Hi there, Matt here. Wanted to share the backstory on a project I have been working on for the last several months, and which is now pouring at the Taproom. We’ve christened it “The IRB”, which stands for India Red Blend. It’s cask-aged IRA from new oak and bourbon barrels blended with some wild-fermented Brett strong ale.
I’ve been very excited about the movement in the beer community to take a winemaker’s or a lambic-blenders approach to creating new beers. For the last several years, brewers throughout the Northwest and beyond have been aging beers in new oak barrels, old oak barrels, pinot barrels, and bourbon barrels.
My original interest in cask beers came from when I was head brewer at Full Sail. I was giving a tour to the head distiller at Macallan Distillery. Oh that’s good scotch. Anyway, I remember being very excited to talk to Peter about Scotch whisky and was anxious to show off the brewery. I was touring through the cellars and we stopped to sample some Old Boardhead I had been aging for a year prior to its release. The beer was sitting in a stainless tank, maturing nicely at about 30 degrees Fahrenheit. Peter then made a simple comment:
“What are you doing?” head distiller Peter asked.
“I’m aging the beer.”
“To mature the flavors, promote a more balanced barleywine through some long-term maturation…to develop some slight oxidative notes, reduce the bitterness, enhance the malt,” replied the head brewer.

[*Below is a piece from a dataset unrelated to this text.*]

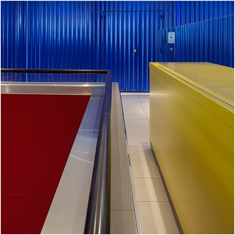 Belles gestion de la lumière et répartition des zones colorées, un espace qui de froid et fonctionnel devient graphique et ludique.

“Well, if you want to develop those flavors, and you were making whisky, which uses beer as a base for the distillery, and you wanted to promote some oxidation, I would put that whisky in an oak barrel and hold it at cellar temperature. What you are doing now is protecting the beer from aging, you are not developing its maturation flavors, you’re trying to preserve the freshness. I think your approach is flawed.”
So sayeth Peter Fairlie.
Sometimes you can think these things too far ahead and be too smart for your own good.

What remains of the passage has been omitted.